Reputation: 554
So my brother wanted me to write a web crawler in Python (self-taught) and I know C++, Java, and a bit of html. I'm using version 2.7 and reading the python library, but I have a few problems
1. httplib.HTTPConnection
and request
concept to me is new and I don't understand if it downloads an html script like cookie or an instance. If you do both of those, do you get the source for a website page? And what are some words that I would need to know to modify the page and return the modified page.
Just for background, I need to download a page and replace any img with ones I have
And it would be nice if you guys could tell me your opinion of 2.7 and 3.1
Upvotes: 27
Views: 119316
Reputation: 1
Here you have a code to this task:
import requests
from requests.exceptions import RequestException
from datetime import datetime
import urllib.parse
def fetch_url(url, retries=3):
headers = {
"User-Agent": "Mozilla/5.0 (compatible; Googlebot/2.1; +http://www.google.com/bot.html)"
}
for attempt in range(retries):
try:
response = requests.get(url, headers=headers, timeout=10, allow_redirects=True)

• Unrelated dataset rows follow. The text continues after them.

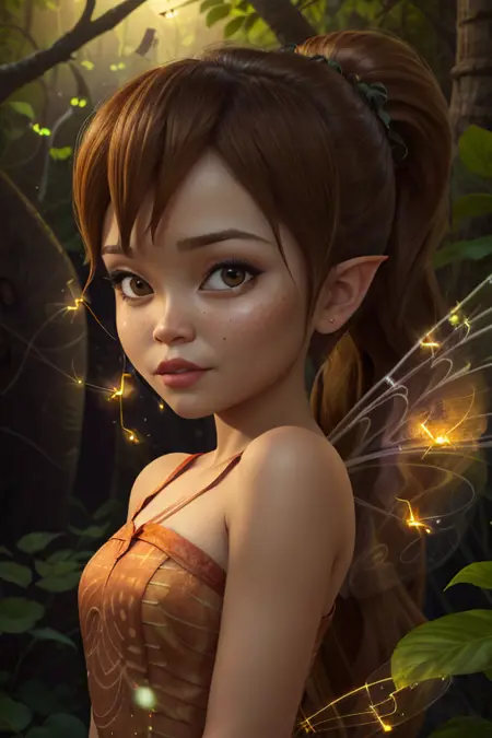 I trained with 262 images, about 1/3 with full body images 2/3 closeups from all angles. For the training I mainly used screenshots from the Tinkebell Movies and a few pictures from the internet. For people wondering her look was changed in the last TinkerBell movie "Tinker Bell and the Legend of the NeverBeast". Have her look completely based on the last movie in this LoRA.
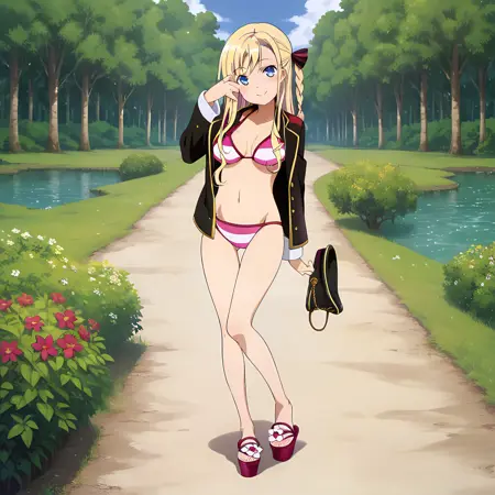 1girl, wilhelmina2, striped bikini, wilhel3 hair bow, wilhelmina6 jacket, military hat, platform footwear, open jacket, single braid,
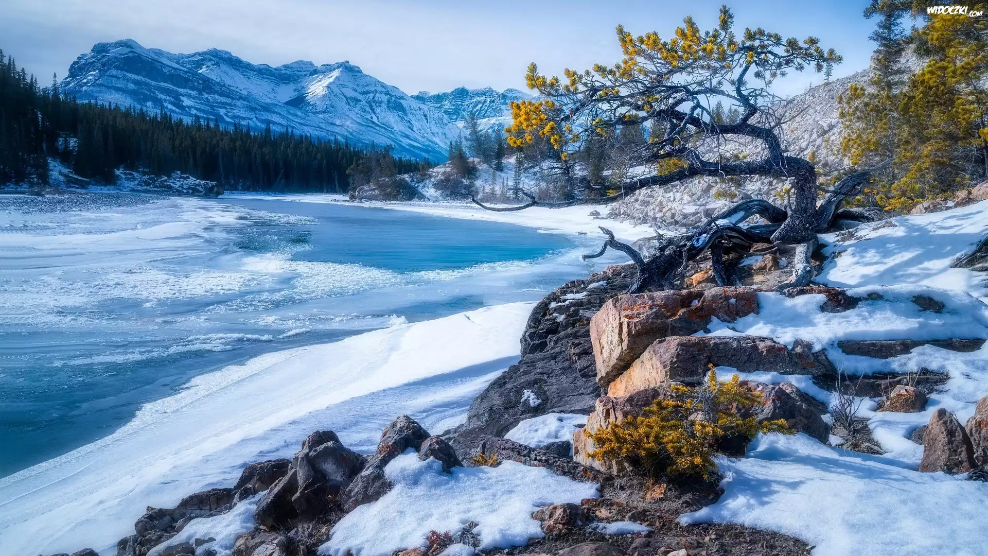 Zima, Góry, Zaśnieżona, Rzeka, Skały, Drzewa, Sosny
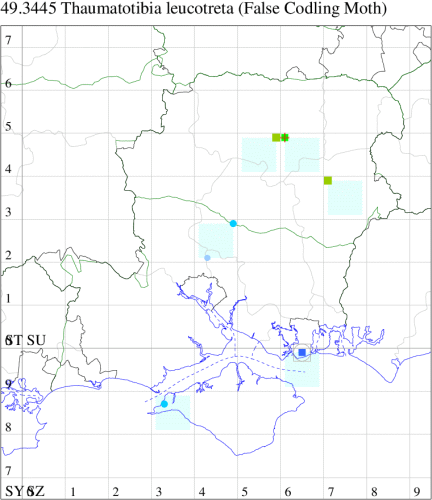 Recorded infrequently through accidental importation in citrus fruit, usually oranges, from Africa. In Hampshire first recorded at light at Southsea on 10 August 1983, with a second at the same site on 11 August 1995; first recorded on the Isle of Wight on 29 September 1989. Wingspan male 15-16 mm, female 19-20 mm. Larva is an important pest of citrus and other fruits, including avocado pear and guava and maize cobs, cotton bolls, castor-oil seeds and tea seeds and It is unlikely that the species can survive outside the tropics and subtropics [Bradley].

if response.status_code == 200:
response.encoding = response.apparent_encoding
return response.text
else:
print(f"Error: {response.status_code}")
except RequestException as e:
print(f"Attempt {attempt + 1} failed: {e}")
return None
def get_filename_from_url(url):
parsed_url = urllib.parse.urlparse(url)
domain = parsed_url.netloc.replace("www.", "")
timestamp = datetime.now().strftime("%Y%m%d%H%M%S")
filename = f"{domain}_{timestamp}.html"
return filename
url = input("Introduce la URL: ")
source_code = fetch_url(url)
if source_code:
filename = get_filename_from_url(url)
with open(filename, "w", encoding="utf-8") as file:
file.write(source_code)
print(f"El código fuente se ha guardado en {filename}")
else:
print("Failed to retrieve the webpage after multiple attempts.")
Upvotes: 0
Reputation: 3758
All the above will fail on an https request behind Cloudflare. You can try this to fetch both http and https html:
import requests
url = 'https://your.link.here'
headers = {'User-Agent': 'Mozilla/5.0 (Windows NT 10.0; Win64; x64) AppleWebKit/537.36 (KHTML, like Gecko) Chrome/109.0.0.0 Safari/537.36',}
response = requests.get(url, headers=headers)
if response.status_code == 200:
print(response.text)
else:
print(f'Request failed with status code: {response.status_code}')
Upvotes: 0
Reputation: 59328
If you are using Python > 3.x
you don't need to install any libraries, this is directly built in the python framework. The old urllib2
package has been renamed to urllib
:
from urllib import request
response = request.urlopen("https://www.google.com")
# set the correct charset below
page_source = response.read().decode('utf-8')
print(page_source)
Upvotes: 6
Reputation: 3227
An Example with python3
and the requests
library as mentioned by @leoluk:
pip install requests
Script req.py:
import requests
url='http://localhost'
# in case you need a session
cd = { 'sessionid': '123..'}
r = requests.get(url, cookies=cd)
# or without a session: r = requests.get(url)
r.content
Now,execute it and you will get the html source of localhost!
python3 req.py
Upvotes: 11
Reputation: 12981
Use Python 2.7, is has more 3rd party libs at the moment. (Edit: see below).
I recommend you using the stdlib module urllib2
, it will allow you to comfortably get web resources.
Example:
import urllib2
response = urllib2.urlopen("http://google.de")
page_source = response.read()
For parsing the code, have a look at BeautifulSoup
.
BTW: what exactly do you want to do:
Just for background, I need to download a page and replace any img with ones I have
Edit: It's 2014 now, most of the important libraries have been ported, and you should definitely use Python 3 if you can. python-requests
is a very nice high-level library which is easier to use than urllib2
.
Upvotes: 48
Reputation: 86774
The first thing you need to do is read the HTTP spec which will explain what you can expect to receive over the wire. The data returned inside the content will be the "rendered" web page, not the source. The source could be a JSP, a servlet, a CGI script, in short, just about anything, and you have no access to that. You only get the HTML that the server sent you. In the case of a static HTML page, then yes, you will be seeing the "source". But for anything else you see the generated HTML, not the source.
When you say modify the page and return the modified page
what do you mean?
Upvotes: 0